Certificates Synthesis for A Class of Observational Properties in Stochastic Systems: A Unified Approach

TL;DR

This paper presents a unified probabilistic verification framework for stochastic systems using observational properties, automata, and barrier certificates to provide guarantees without discretizing the state space.

Contribution

It introduces a novel approach combining HyperLTL-based properties, reachability analysis, and stochastic barrier certificates for probabilistic verification.

Findings

Framework effectively verifies observational properties in stochastic systems.

Barrier certificates provide probabilistic guarantees without state-space discretization.

Case study demonstrates practical applicability of the approach.

Abstract

In this paper, we investigate the probabilistic formal verification of stochastic dynamical systems over continuous state spaces.
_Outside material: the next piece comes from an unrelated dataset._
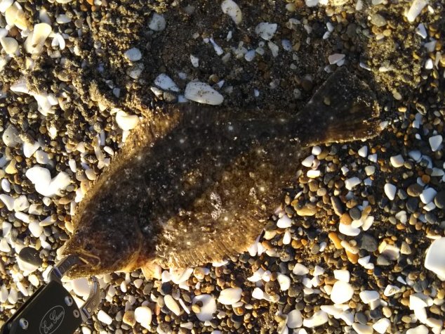 先着アングラーに声をかけると、ちょうど40cm強のヒラメを掛けたところとのこと。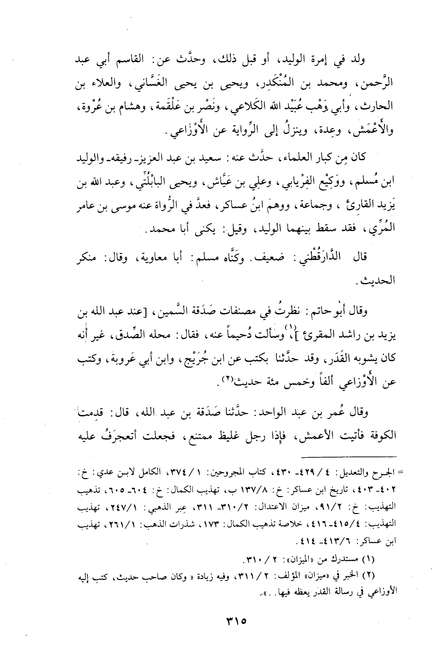 (2) الخبر في " ميزان " المؤلف: 2 / 311، وفيه زيادة " وكان صاحب حديث، كتبه إليه الاوزاعي في رسالة القدر يعظه فيها.."

Motivated by problems in state estimation and information-flow security, we introduce the notion of observational properties, which characterize the inferences an external observer can draw from system outputs. These properties are formulated as probabilistic hyperproperties based on HyperLTL over finite traces, yielding a unified framework that subsumes several existing notions studied separately in the literature. We reduce the verification problem to reachability analysis over an augmented structure that integrates the system dynamics with an automaton representation of the specification. Building on this construction, we develop stochastic barrier certificates that provide probabilistic guarantees for property satisfaction while avoiding explicit state-space discretization. The effectiveness of the proposed framework is demonstrated through a case study.